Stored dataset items
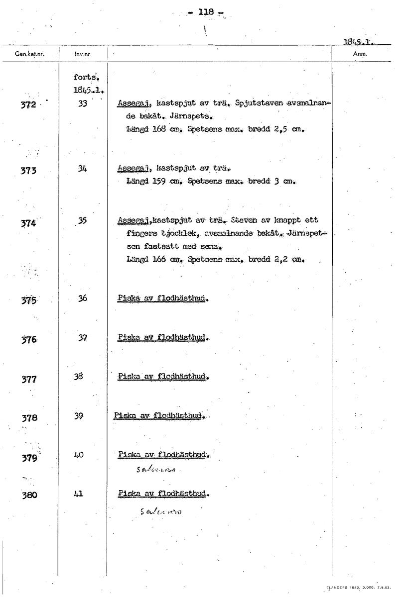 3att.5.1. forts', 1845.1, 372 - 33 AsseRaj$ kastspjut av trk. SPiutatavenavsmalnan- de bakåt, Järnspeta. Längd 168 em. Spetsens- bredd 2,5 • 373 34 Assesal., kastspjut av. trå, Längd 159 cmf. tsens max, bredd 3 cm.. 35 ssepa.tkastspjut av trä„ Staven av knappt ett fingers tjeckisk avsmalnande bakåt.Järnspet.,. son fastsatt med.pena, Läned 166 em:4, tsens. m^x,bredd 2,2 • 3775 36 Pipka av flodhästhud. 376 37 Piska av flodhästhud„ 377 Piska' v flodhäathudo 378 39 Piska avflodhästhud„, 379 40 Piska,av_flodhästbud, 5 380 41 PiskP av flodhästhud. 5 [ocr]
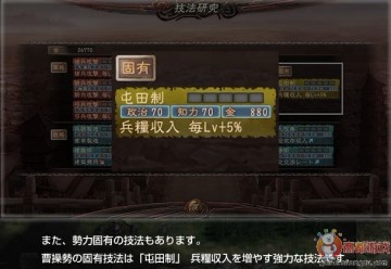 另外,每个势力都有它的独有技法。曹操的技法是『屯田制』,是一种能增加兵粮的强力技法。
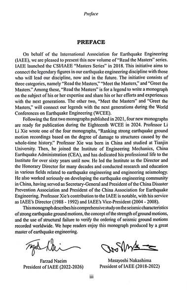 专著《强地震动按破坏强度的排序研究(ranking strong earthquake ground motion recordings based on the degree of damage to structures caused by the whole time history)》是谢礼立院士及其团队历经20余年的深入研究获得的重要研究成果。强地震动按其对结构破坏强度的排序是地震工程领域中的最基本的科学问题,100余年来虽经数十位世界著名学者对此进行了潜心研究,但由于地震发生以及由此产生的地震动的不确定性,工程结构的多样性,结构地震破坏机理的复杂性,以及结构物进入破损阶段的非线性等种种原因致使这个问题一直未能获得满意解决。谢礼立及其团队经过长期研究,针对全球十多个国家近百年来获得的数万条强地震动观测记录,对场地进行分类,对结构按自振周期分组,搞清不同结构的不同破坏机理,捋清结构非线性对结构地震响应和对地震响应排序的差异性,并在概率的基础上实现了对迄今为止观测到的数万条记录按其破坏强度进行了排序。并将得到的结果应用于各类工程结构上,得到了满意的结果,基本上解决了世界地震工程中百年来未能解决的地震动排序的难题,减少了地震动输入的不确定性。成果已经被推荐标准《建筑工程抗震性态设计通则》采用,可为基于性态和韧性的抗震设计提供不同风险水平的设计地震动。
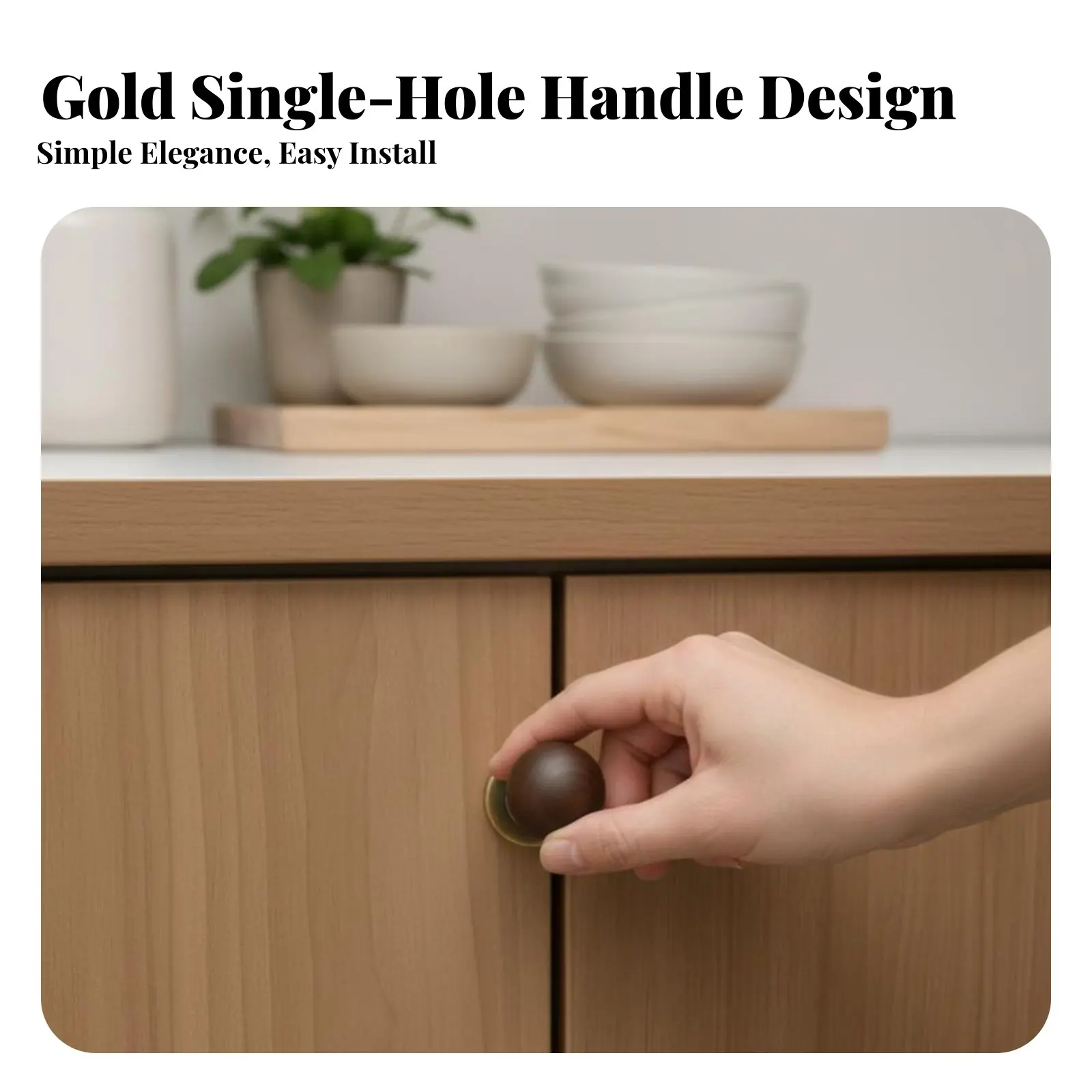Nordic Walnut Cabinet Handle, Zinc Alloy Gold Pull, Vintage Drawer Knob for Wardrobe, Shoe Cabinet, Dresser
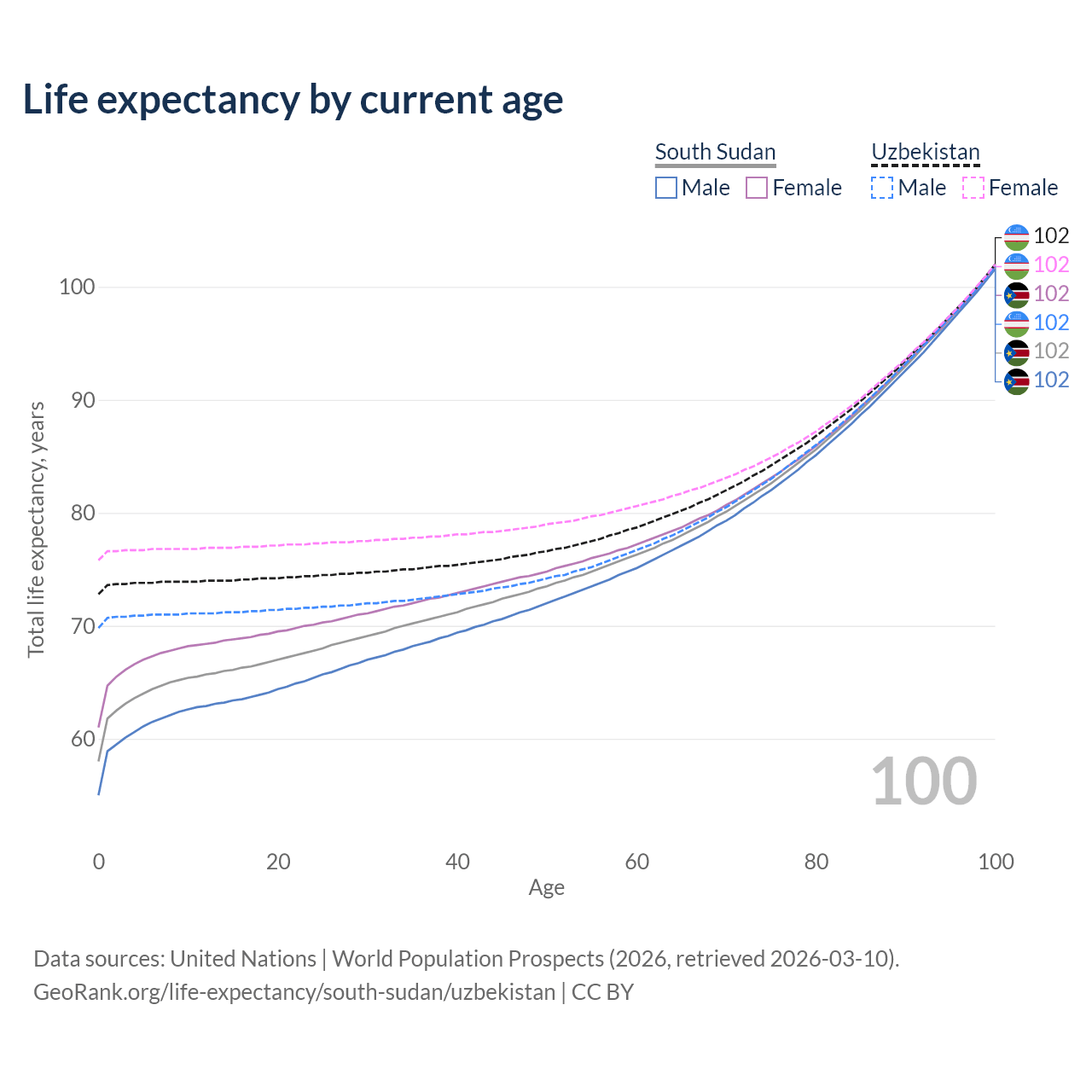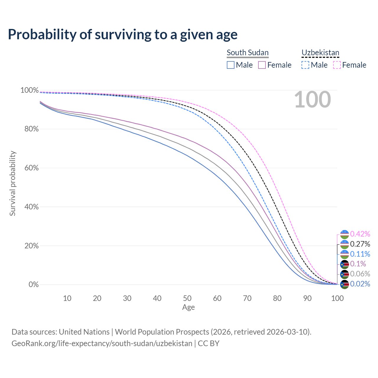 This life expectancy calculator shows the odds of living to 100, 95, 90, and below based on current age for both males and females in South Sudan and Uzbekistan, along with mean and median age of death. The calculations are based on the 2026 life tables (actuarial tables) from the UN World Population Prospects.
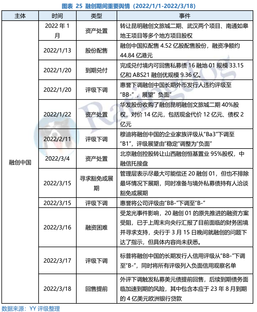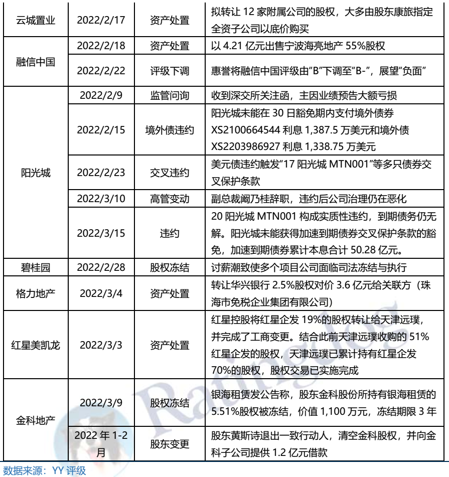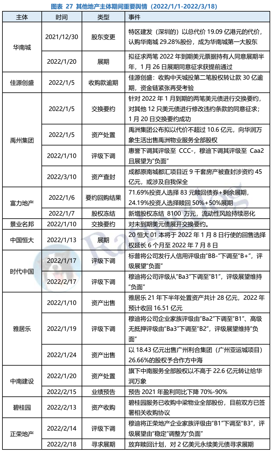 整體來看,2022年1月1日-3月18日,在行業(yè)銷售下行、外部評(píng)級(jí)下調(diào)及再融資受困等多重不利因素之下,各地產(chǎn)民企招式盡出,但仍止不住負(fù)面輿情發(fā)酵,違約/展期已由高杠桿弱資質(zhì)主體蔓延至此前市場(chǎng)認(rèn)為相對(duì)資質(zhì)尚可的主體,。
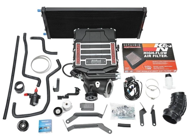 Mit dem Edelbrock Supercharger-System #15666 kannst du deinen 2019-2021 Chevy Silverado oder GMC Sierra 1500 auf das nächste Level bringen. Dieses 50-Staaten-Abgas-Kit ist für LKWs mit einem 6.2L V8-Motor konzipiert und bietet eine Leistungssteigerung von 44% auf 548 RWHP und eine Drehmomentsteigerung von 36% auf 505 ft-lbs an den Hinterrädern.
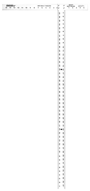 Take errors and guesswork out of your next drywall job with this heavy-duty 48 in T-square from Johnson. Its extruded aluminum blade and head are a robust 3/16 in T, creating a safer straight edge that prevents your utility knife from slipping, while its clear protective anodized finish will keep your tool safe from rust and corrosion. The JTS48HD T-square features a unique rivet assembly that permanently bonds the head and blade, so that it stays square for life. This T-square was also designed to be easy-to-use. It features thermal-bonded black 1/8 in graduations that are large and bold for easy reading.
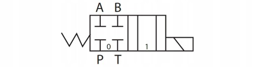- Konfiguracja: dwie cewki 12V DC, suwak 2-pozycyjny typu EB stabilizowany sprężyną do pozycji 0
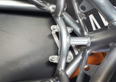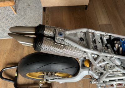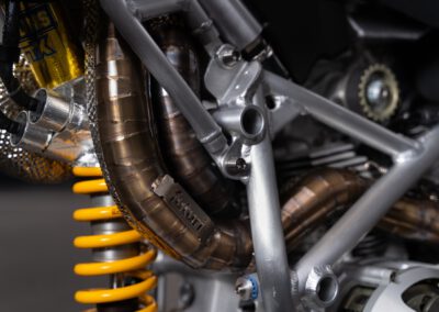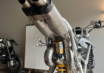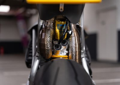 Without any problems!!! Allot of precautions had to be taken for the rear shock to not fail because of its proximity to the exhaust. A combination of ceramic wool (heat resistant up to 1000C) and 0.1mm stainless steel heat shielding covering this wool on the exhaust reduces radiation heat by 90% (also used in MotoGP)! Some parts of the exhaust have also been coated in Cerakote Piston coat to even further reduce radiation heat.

## Your assignment
Each line above should be returned exactly as written, apart from any pictures.

## Output below
 3att.5.1. forts', 1845.1, 372 - 33 AsseRaj$ kastspjut av trk. SPiutatavenavsmalnan- de bakåt, Järnspeta. Längd 168 em. Spetsens- bredd 2,5 • 373 34 Assesal., kastspjut av. trå, Längd 159 cmf. tsens max, bredd 3 cm.. 35 ssepa.tkastspjut av trä„ Staven av knappt ett fingers tjeckisk avsmalnande bakåt.Järnspet.,. son fastsatt med.pena, Läned 166 em:4, tsens. m^x,bredd 2,2 • 3775 36 Pipka av flodhästhud. 376 37 Piska av flodhästhud„ 377 Piska' v flodhäathudo 378 39 Piska avflodhästhud„, 379 40 Piska,av_flodhästbud, 5 380 41 PiskP av flodhästhud. 5 [ocr]
 另外,每个势力都有它的独有技法。曹操的技法是『屯田制』,是一种能增加兵粮的强力技法。
 专著《强地震动按破坏强度的排序研究(ranking strong earthquake ground motion recordings based on the degree of damage to structures caused by the whole time history)》是谢礼立院士及其团队历经20余年的深入研究获得的重要研究成果。强地震动按其对结构破坏强度的排序是地震工程领域中的最基本的科学问题,100余年来虽经数十位世界著名学者对此进行了潜心研究,但由于地震发生以及由此产生的地震动的不确定性,工程结构的多样性,结构地震破坏机理的复杂性,以及结构物进入破损阶段的非线性等种种原因致使这个问题一直未能获得满意解决。谢礼立及其团队经过长期研究,针对全球十多个国家近百年来获得的数万条强地震动观测记录,对场地进行分类,对结构按自振周期分组,搞清不同结构的不同破坏机理,捋清结构非线性对结构地震响应和对地震响应排序的差异性,并在概率的基础上实现了对迄今为止观测到的数万条记录按其破坏强度进行了排序。并将得到的结果应用于各类工程结构上,得到了满意的结果,基本上解决了世界地震工程中百年来未能解决的地震动排序的难题,减少了地震动输入的不确定性。成果已经被推荐标准《建筑工程抗震性态设计通则》采用,可为基于性态和韧性的抗震设计提供不同风险水平的设计地震动。
Nordic Walnut Cabinet Handle, Zinc Alloy Gold Pull, Vintage Drawer Knob for Wardrobe, Shoe Cabinet, Dresser
 This life expectancy calculator shows the odds of living to 100, 95, 90, and below based on current age for both males and females in South Sudan and Uzbekistan, along with mean and median age of death. The calculations are based on the 2026 life tables (actuarial tables) from the UN World Population Prospects.
 整體來看,2022年1月1日-3月18日,在行業(yè)銷售下行、外部評(píng)級(jí)下調(diào)及再融資受困等多重不利因素之下,各地產(chǎn)民企招式盡出,但仍止不住負(fù)面輿情發(fā)酵,違約/展期已由高杠桿弱資質(zhì)主體蔓延至此前市場(chǎng)認(rèn)為相對(duì)資質(zhì)尚可的主體,。
 Mit dem Edelbrock Supercharger-System #15666 kannst du deinen 2019-2021 Chevy Silverado oder GMC Sierra 1500 auf das nächste Level bringen. Dieses 50-Staaten-Abgas-Kit ist für LKWs mit einem 6.2L V8-Motor konzipiert und bietet eine Leistungssteigerung von 44% auf 548 RWHP und eine Drehmomentsteigerung von 36% auf 505 ft-lbs an den Hinterrädern.
 Take errors and guesswork out of your next drywall job with this heavy-duty 48 in T-square from Johnson. Its extruded aluminum blade and head are a robust 3/16 in T, creating a safer straight edge that prevents your utility knife from slipping, while its clear protective anodized finish will keep your tool safe from rust and corrosion. The JTS48HD T-square features a unique rivet assembly that permanently bonds the head and blade, so that it stays square for life. This T-square was also designed to be easy-to-use. It features thermal-bonded black 1/8 in graduations that are large and bold for easy reading.
- Konfiguracja: dwie cewki 12V DC, suwak 2-pozycyjny typu EB stabilizowany sprężyną do pozycji 0
 Without any problems!!! Allot of precautions had to be taken for the rear shock to not fail because of its proximity to the exhaust. A combination of ceramic wool (heat resistant up to 1000C) and 0.1mm stainless steel heat shielding covering this wool on the exhaust reduces radiation heat by 90% (also used in MotoGP)! Some parts of the exhaust have also been coated in Cerakote Piston coat to even further reduce radiation heat.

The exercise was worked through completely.